(Material for the task)
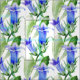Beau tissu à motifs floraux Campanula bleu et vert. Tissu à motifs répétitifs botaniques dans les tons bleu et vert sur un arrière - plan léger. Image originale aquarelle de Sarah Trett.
(End Material for the task)
(Material for the task)
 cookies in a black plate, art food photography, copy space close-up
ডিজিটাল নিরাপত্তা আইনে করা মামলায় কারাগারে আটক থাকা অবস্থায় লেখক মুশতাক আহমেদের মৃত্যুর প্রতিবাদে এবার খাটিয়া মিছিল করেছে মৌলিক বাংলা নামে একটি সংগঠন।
(End Material for the task)
(Material for the task)
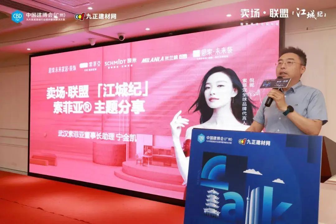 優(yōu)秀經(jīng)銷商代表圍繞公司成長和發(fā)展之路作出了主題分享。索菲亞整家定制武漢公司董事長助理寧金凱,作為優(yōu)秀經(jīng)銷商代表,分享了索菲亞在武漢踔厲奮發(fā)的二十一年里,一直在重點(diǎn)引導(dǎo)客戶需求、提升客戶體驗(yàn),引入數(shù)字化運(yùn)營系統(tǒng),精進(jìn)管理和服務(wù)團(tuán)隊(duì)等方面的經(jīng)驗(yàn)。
(End Material for the task)
** What to do **
Look above for the line holding "cookies in a" and the line holding "ডিজিটাল নিরাপত্তা আইনে", then output exactly those two lines and every line between them, nothing more.

** Solution to the problem **
 cookies in a black plate, art food photography, copy space close-up
ডিজিটাল নিরাপত্তা আইনে করা মামলায় কারাগারে আটক থাকা অবস্থায় লেখক মুশতাক আহমেদের মৃত্যুর প্রতিবাদে এবার খাটিয়া মিছিল করেছে মৌলিক বাংলা নামে একটি সংগঠন।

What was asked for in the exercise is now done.